Appeal by the defendant (1) from a judgment of the Supreme Court, Kings County (Lodato, J.), rendered June 30, 1981, convicting him of robbery in the second degree, grand larceny in the second degree, and criminal possession of stolen property in the first degree, upon a jury verdict, and imposing sentence; and (2) by permission, from an order of the same court dated July 22, 1982, which denied the defendant’s motion pursuant to CPL 440.10 to vacate the judgment.
Order affirmed.
Judgment modified, on the law, by vacating the sentences imposed on the defendant’s convictions of grand larceny in the second degree and criminal possession of stolen property in the first degree. As so modified, judgment affirmed, and matter remitted to the Supreme Court, Kings County, for resentencing in accordance herewith.
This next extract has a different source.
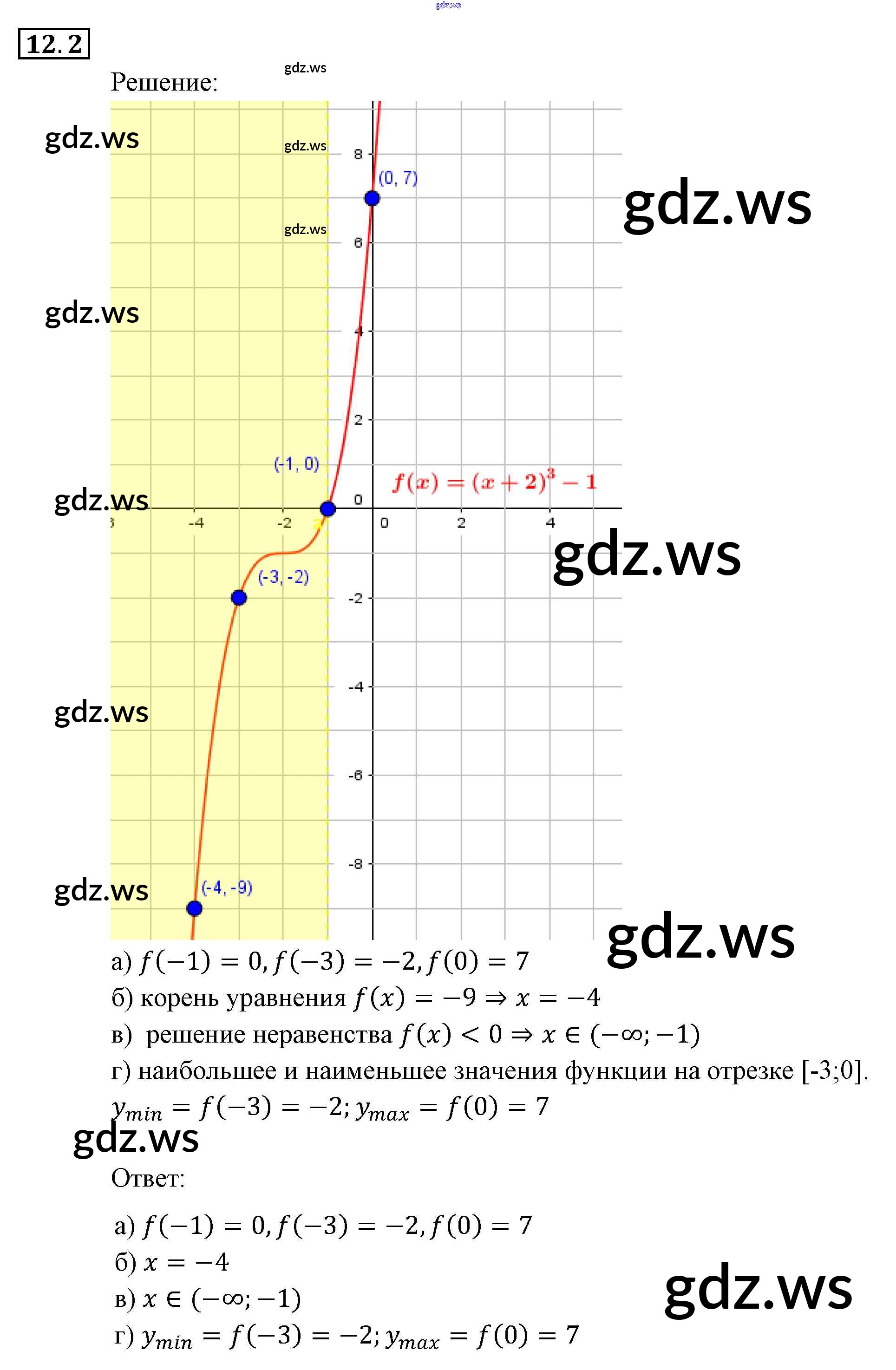 Готовый и полный ответ к § 12. Функции у = хп (п е N), их свойства и графики Глава 3. Числовые функции - Алгебре 9 класс Мордкович Задачник ФГОС

The defendant was arrested and indicted in connection with the hijacking of a Texaco gas delivery truck on January 5, 1980. After the truck was hijacked, it was driven to and unloaded at a gas station owned by Alton Best. At the trial, Best testified that in the preceding year he had declined several offers by the defendant to sell him gasoline at the invoice price. However, on December 18, 1979, the defendant called Best and told him that he had "dropped” 3,000 gallons of gasoline at Best’s station the night before. Although Best testified that he had not requested the delivery, he paid for the gasoline. Best testified that on December 26 or 27 he received another delivery of gasoline from the defendant, *587which he had agreed to accept prior to the delivery. Best testified that he did not learn of a January 5 load of gasoline until it had been unloaded in his station, and never paid for that gasoline.
We reject the defendant’s contention that it was error for the trial court to submit the issue of Best’s status as an accomplice to the jury as a question of fact. The court properly denied the defendant’s request to charge the jury that Best was an accomplice as a matter of law. Absent proof of a prior agreement or arrangement between the defendant and Best concerning the delivery of January 5, 1980, or evidence that Best was otherwise criminally implicated in the hijacking, it was proper to submit the issue of Best’s status as an accomplice to the jury as a question of fact (see, People v Brooks, 34 NY2d 475, 477, 480).
Since the crimes of grand larceny in the second degree and criminal possession of stolen property in the first degree are not violent felony offenses, the defendant should have been sentenced on those counts as a persistent felony offender as opposed to a persistent violent felony offender. The case is remitted for resentencing on those counts.
We have considered the defendant’s remaining contentions, including those raised in his pro se supplemental brief, and find them to be without merit. Lawrence, J. P., Eiber, Kunzeman and Kooper, JJ., concur.